Netizen: “Jangan Cuma Diuji Lab, Pidanakan dan Tutup Pabriknya!”
BANDUNGKITA.ID — Pola lama pencemaran lingkungan berbasis industri kembali mempertontonkan drama klasik di wilayah Kabupaten Bandung Barat (KBB). Temuan dugaan saluran siluman (bypass) di PT SMM oleh tim gabungan Dinas Lingkungan Hidup (DLH) Jawa Barat, DLH KBB, dan Satgas Citarum Harum bagai mengabarkan rahasia umum: hukum lingkungan kerap diecer di atas kertas uji laboratorium.
VIDEO TERKAIT
Hasil verifikasi lapangan yang dirilis resmi oleh akun Instagram @dlh_jabar mengonfirmasi adanya pipa pembuangan tak resmi sebelum titik outfall menuju Sungai Cihaur.
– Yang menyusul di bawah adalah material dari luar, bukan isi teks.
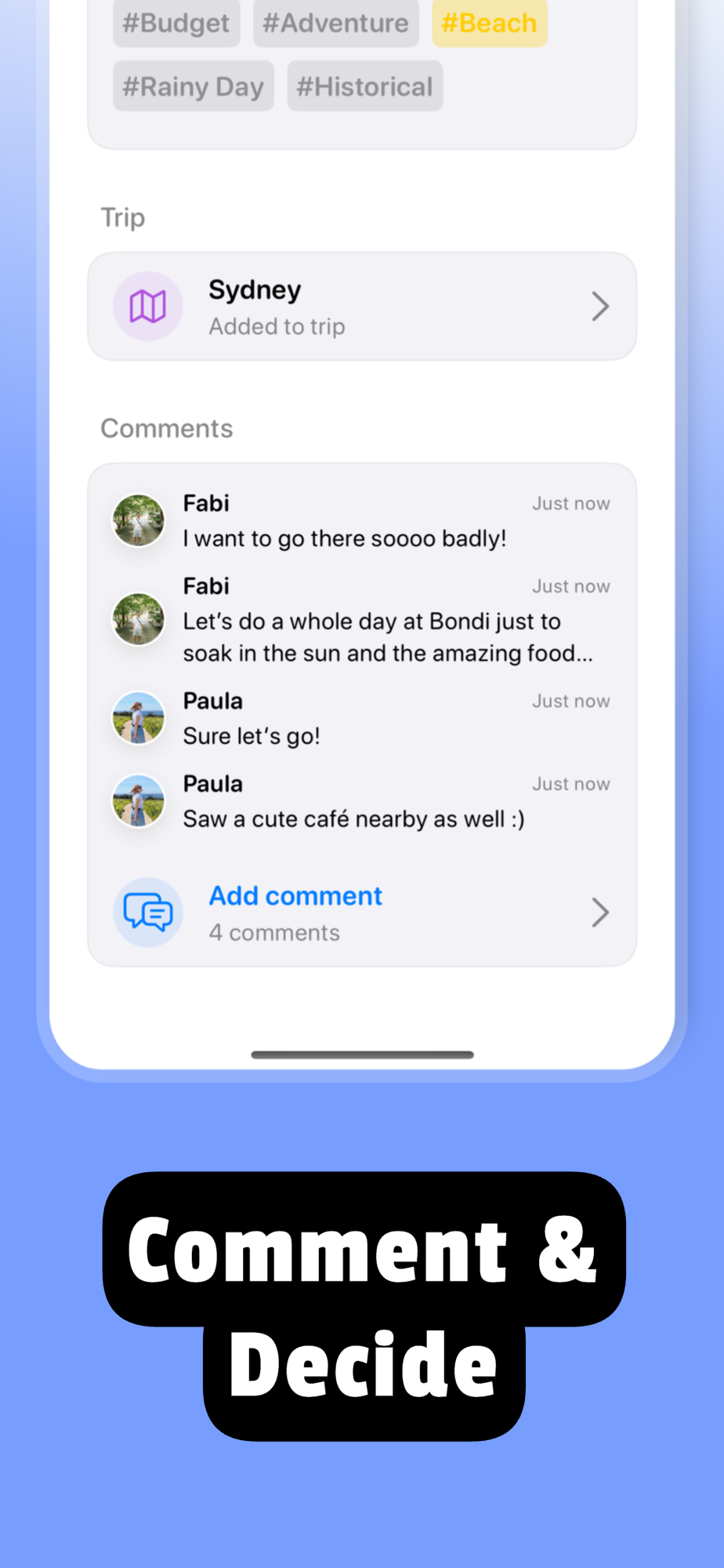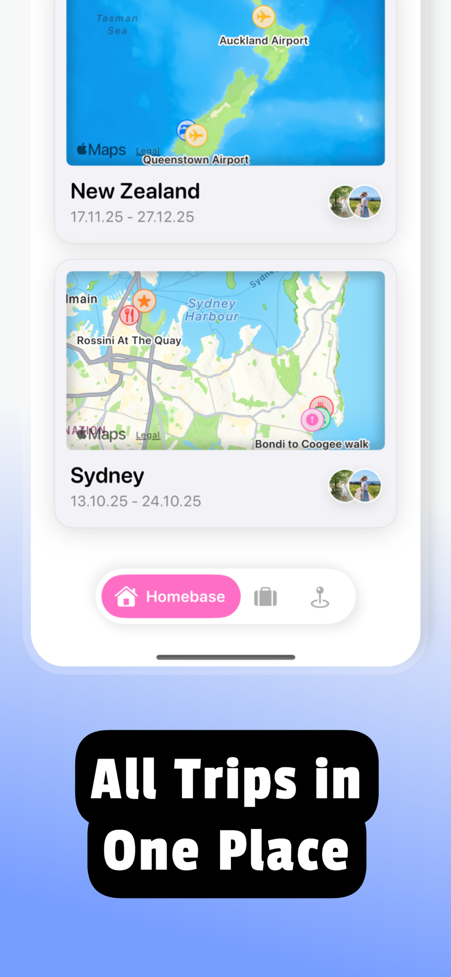 Discover and collect destinations individually or with friends. Save interesting places you find online, get recommendations from your travel buddies, and build your personal bucket list. Later, easily add these collected destinations to any trip itinerary with just a tap.

Modus ini jelas, memintas pengolahan Instalasi Pengolahan Air Limbah (IPAL) demi menekan biaya operasional, lalu membuang limbah pekat, berbusa, dan berbau menyengat saat perhatian publik melengah.
Kekecewaan Publik
Saat pengawasan mendadak dilakukan, pabrik dalam kondisi libur akhir pekan dan titik outfall terendam luapan sungai.
Namun keberadaan saluran bypass itu sendiri sudah menjadi bukti material awal (prima facie) adanya kesengajaan struktur sistemik untuk memanipulasi pengelolaan limbah.


Respon masyarakat di media sosial bukan lagi sekadar amarah, melainkan bentuk krisis kepercayaan terhadap otoritas pengawas:
Pola Klasik “Uji Lab”: Akun @beruknyangsang menyuarakan kejenuhan publik, “Kebanyakan laporan selalu berakhir di pengujian, tindaklanjutnya kayak pabriknya disegel/ditutup itu tidak jelas.”
Desakan Hukum Pidana & Gakkum, dikomentari oleh @ruharto, @aamuhamad, dan @selebbanten7 secara lugas menuntut agar kasus ini tak berhenti di sanksi teguran, melainkan langsung diseret ke ranah Penegakan Hukum (Gakkum) KLHK dan pidana lingkungan.
Publik juga menyoroti kerugian ekologis warga sekitar Sungai Cihaur yang bertahun-tahun menanggung dampak kebauan dan rusaknya sumber air, sembari menuntut denda maksimal serta kompensasi warga.
VIDEO PILIHAN
Menguji Keberanian Regulator
Akivis sekaligus Pengamat kebijakqn Publik, Bilal Alfariz menyinghung aturan pada UU No. 32 Tahun 2009 tentang Perlindungan dan Pengelolaan Lingkungan Hidup, keberadaan saluran bypass ilegal yang sengaja dialirkan ke badan air tanpa pengolahan standar merupakan pelanggaran berat.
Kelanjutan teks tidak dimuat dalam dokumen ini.